Most women who have undergone mastectomy where a part or their entire breast is removed consider undergoing Houston breast reconstruction to help reshape their breast. These tissue flap surgeries are divided into various types based on the part of the body the tissue is removed from.
4 types of procedures
The most common form of tissue flap breast reconstruction surgery is TRAM or transverse rectus abdominis muscle flap. Here, the surgeon uses and takes muscle and tissue from the lower belly to the chest region. This procedure not only helps with breast reconstruction, but also reduces the lower belly fat, and thus results in a ‘tummy tuck’.
Latissimus dorsi (LD) flap is a procedure where fat, muscle and skin from the upper back region is pulled to the chest area under skin. If required, an implant may be inserted in the same breast reconstruction surgery for bigger breasts.
DIEP (deep inferior epigastric artery proforator) is a free flap procedure that is similar to TRAM. Here, the surgeon uses only fat and skin from the lower belly region, and not its muscle. The objective of not using the muscle here is to avoid future belly weakness, and like TRAM, could be considered a type of Houston tummy tuck.
The free flap procedure that uses muscle, fat and skin from the buttocks for creating a new breast is called Gluteal free flap. This is the better option for those who don’t have sufficient belly tissue to undergo a DIEP or TRAM.
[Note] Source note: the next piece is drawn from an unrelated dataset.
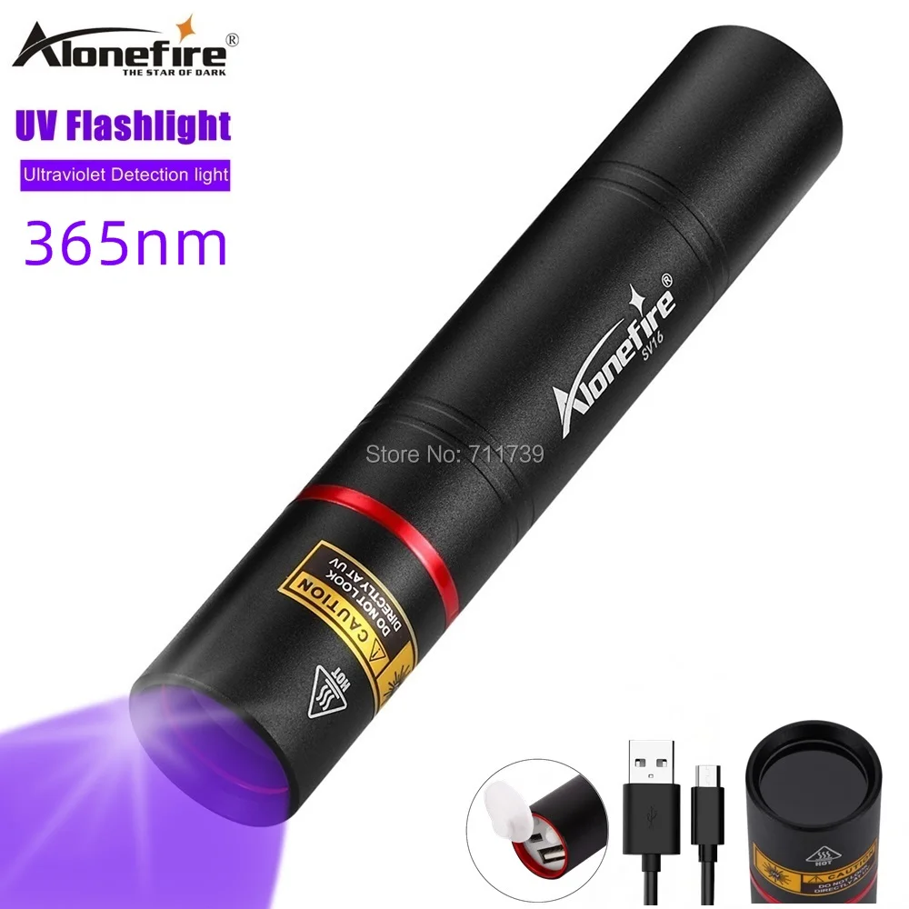 Ультрафиолетовый фонарь Alonefire SV16, перезаряжаемый светодиодный фонарь с черным свесветильник, 365 нм, 5 Вт, с USB, Ультрафиолетовый фонарь для Тестирования Мочи домашних животных, 365 нм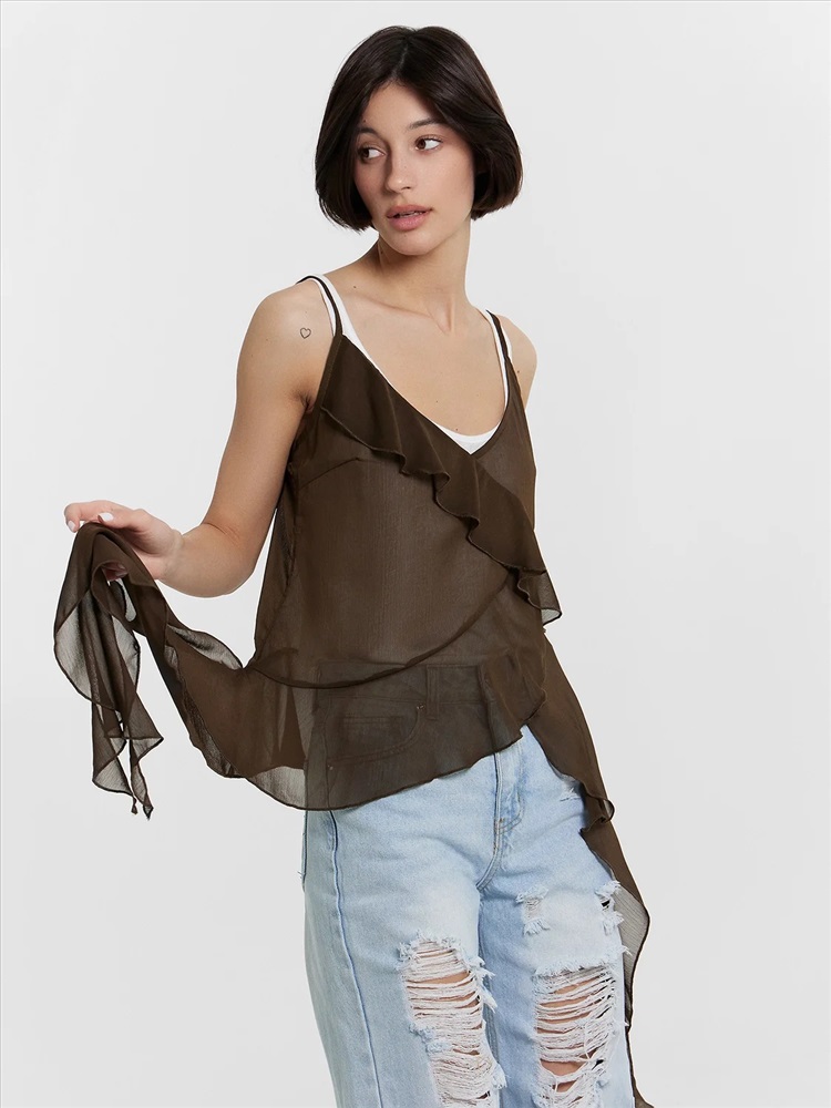 Рост: 170 Эта стильная новинка в весенне-летней коллекции — воплощение легкости и трендового дизайна! Асимметричный крой придает модели динамичность и оригинальность, создавая непринужденный, но эффектный силуэт. Свободный фасон обеспечивает комфорт и воздушность, а V-образный вырез подчеркивает элегантность и утонченность образа. Тонкие бретели делают изделие легким и женственным, а изящные оборки добавляют романтичность и игривость, подчеркивая плавность линий. Модель выполнена из струящегося материала, который красиво ложится по фигуре, создавая ощущение свободы и легкости. Такой дизайн идеально подходит для стильных летних образов, подчеркивая индивидуальность и акутальные акценты сезона. Этот трендовый топ легко комбинируется с аксессуарами, обувью и верхней одеждой, позволяя создавать уникальные и выразительные луки. Безупречное сочетание утонченности, комфорта и свежего взгляда на стиль!

The surgery is conducted under general anesthesia, takes a few hours to complete and you may have to undergo a blood transfusion. On waking up after the surgery, you will find bandages on surgery sites and will have to wear a special bra to keep your bandages in place. The doctor will also place some drainage tubes to collect fluid and prevent its buildup in surgery sites.
After the operation, you will have to stay in the hospital for about 5 days to ensure there is good blood supply to the breast reconstruction skin. To prevent any stifling of shoulders, your physical therapist will show you some exercises while you are at the hospital.
There may be some soreness, swelling and redness in the breast region and the region where the tissue was removed. This may last for several weeks. You may have to take pain medication and antibiotics for a week or two for pain relief and to prevent an infection.
Though you will be able to return to work and your normal routine in 3 to 6 weeks’ time, it is advised not to partake of any strenuous activity for several weeks.